What you will do:
Starting at the line with "Zegarek damski L18601-2", retype every remaining line of the records exactly. Do not include pictures.

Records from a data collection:
********************

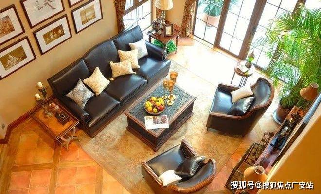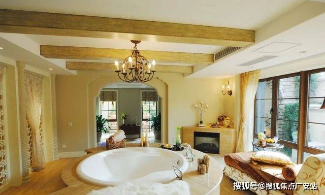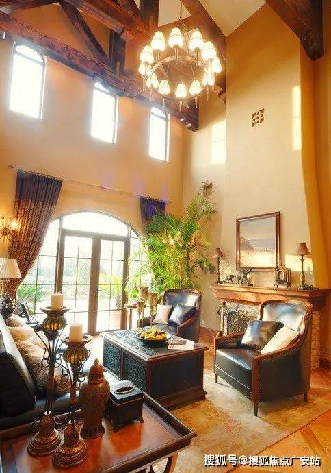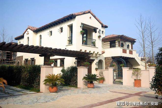 采用美国南加州风格,外立面为淡黄色手工抹灰(Stucco)搭配红瓦屋顶,融入原木、铁艺、烟囱等元素。
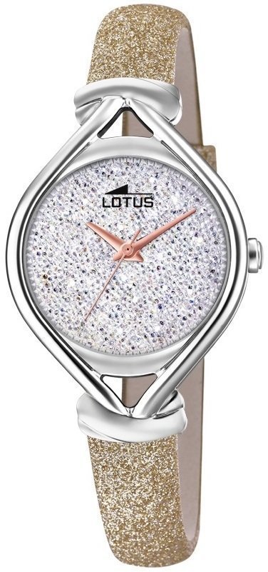 Zegarek damski L18601-2 marki Lotus to dobra pozycja dla osób ceniących sobie dbałość o szczegóły jak również sprawne zachowanie mechanizmów. Charakter zapewnia wysokiej klasy tarcza w kolorze srebrnym. Godzina zaprezentowana jest w sposób analogowy co bez trudu pozwala ją odczytać. Koperta szeroka jest na 29 mm - w kształcie okrągłym.
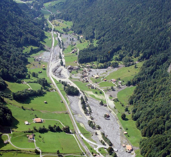 Das Hochwasser der Schwarzen Lütschine vom August 2005 verwüstete grosse Teile des Dorfes schwer.
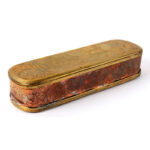 The elongated box with rounded ends displays an unusual interior scene featuring a string trio, architectural columns…also a vista showing scrolled railing and urn on plinth; buildings in the distance. The ends of lid ornamented with scrolled acanthus decoration. The sides display scrolled decoration. On the bottom a similar view with harpist playing to seated nobleman, similar vista and engraved ends.
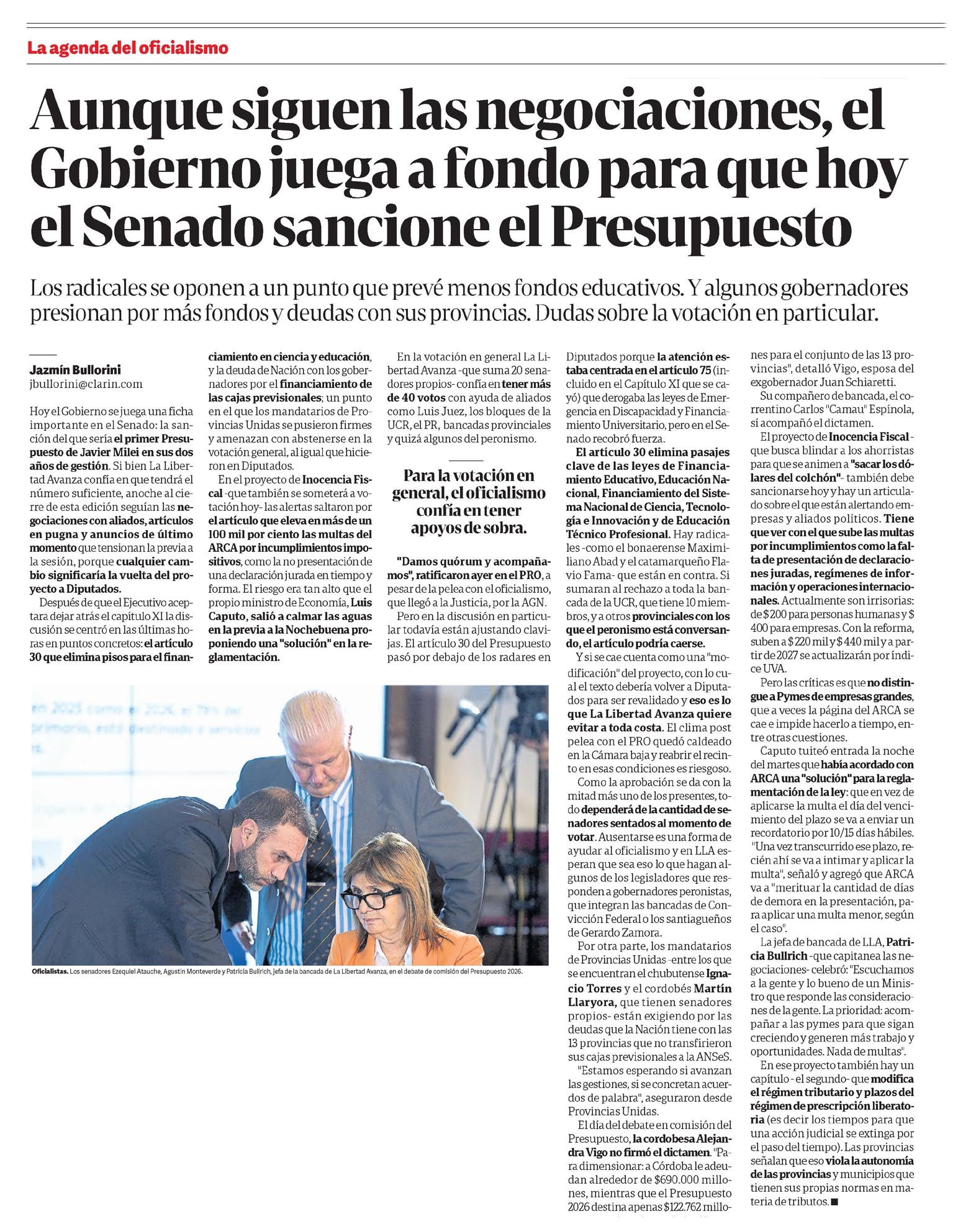 CLARÍN – Aunque siguen las negociaciones, el Gobierno juega a fondo para que hoy el Senado sancione el Presupuesto

********************

Task solution:
 Zegarek damski L18601-2 marki Lotus to dobra pozycja dla osób ceniących sobie dbałość o szczegóły jak również sprawne zachowanie mechanizmów. Charakter zapewnia wysokiej klasy tarcza w kolorze srebrnym. Godzina zaprezentowana jest w sposób analogowy co bez trudu pozwala ją odczytać. Koperta szeroka jest na 29 mm - w kształcie okrągłym.
 Das Hochwasser der Schwarzen Lütschine vom August 2005 verwüstete grosse Teile des Dorfes schwer.
 The elongated box with rounded ends displays an unusual interior scene featuring a string trio, architectural columns…also a vista showing scrolled railing and urn on plinth; buildings in the distance. The ends of lid ornamented with scrolled acanthus decoration. The sides display scrolled decoration. On the bottom a similar view with harpist playing to seated nobleman, similar vista and engraved ends.
 CLARÍN – Aunque siguen las negociaciones, el Gobierno juega a fondo para que hoy el Senado sancione el Presupuesto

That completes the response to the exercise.